What you will do: In the listing below, start your output at the line with "航天一中党支部书记、校长徐雄" and end it after the line with "On the Add a", copying every line exactly.

Input records:
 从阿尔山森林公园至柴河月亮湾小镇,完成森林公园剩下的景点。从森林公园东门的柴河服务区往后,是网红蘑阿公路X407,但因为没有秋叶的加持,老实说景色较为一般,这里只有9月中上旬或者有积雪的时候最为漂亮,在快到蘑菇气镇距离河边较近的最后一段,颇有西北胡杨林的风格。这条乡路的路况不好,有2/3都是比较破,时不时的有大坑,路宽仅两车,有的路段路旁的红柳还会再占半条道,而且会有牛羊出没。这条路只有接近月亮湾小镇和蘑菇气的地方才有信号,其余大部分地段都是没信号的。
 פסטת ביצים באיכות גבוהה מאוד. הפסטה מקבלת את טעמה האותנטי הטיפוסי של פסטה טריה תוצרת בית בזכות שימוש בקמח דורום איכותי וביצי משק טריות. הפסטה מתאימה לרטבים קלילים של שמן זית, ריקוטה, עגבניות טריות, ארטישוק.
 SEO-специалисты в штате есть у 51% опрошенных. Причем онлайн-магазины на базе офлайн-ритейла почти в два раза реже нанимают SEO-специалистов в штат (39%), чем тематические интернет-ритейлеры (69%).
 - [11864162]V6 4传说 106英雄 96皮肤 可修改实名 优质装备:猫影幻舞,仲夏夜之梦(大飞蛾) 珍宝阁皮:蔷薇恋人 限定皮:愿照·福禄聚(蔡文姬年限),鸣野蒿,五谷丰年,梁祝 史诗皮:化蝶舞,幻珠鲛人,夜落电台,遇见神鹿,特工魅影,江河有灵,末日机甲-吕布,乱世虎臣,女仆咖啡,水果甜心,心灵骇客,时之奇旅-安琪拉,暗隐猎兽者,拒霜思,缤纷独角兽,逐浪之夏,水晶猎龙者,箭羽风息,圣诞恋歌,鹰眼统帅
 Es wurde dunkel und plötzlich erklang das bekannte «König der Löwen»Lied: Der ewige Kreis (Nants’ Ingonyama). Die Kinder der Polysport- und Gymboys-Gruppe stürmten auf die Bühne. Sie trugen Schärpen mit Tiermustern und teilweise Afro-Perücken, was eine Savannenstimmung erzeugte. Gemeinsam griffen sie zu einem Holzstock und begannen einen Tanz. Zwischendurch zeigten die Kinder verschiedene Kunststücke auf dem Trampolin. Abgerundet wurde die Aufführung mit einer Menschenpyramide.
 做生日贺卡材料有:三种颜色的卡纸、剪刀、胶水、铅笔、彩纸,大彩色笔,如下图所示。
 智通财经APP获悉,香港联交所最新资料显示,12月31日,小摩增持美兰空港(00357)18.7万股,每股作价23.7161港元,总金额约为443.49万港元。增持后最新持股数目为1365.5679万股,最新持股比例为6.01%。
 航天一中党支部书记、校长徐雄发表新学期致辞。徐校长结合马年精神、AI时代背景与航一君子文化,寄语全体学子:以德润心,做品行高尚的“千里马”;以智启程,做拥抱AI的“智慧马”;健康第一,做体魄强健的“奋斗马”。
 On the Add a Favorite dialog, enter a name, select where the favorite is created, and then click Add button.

---

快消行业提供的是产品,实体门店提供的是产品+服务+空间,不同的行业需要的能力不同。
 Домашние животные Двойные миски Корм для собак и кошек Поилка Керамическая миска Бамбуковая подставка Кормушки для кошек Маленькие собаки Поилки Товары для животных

Answer box:
 航天一中党支部书记、校长徐雄发表新学期致辞。徐校长结合马年精神、AI时代背景与航一君子文化,寄语全体学子:以德润心,做品行高尚的“千里马”;以智启程,做拥抱AI的“智慧马”;健康第一,做体魄强健的“奋斗马”。
 On the Add a Favorite dialog, enter a name, select where the favorite is created, and then click Add button.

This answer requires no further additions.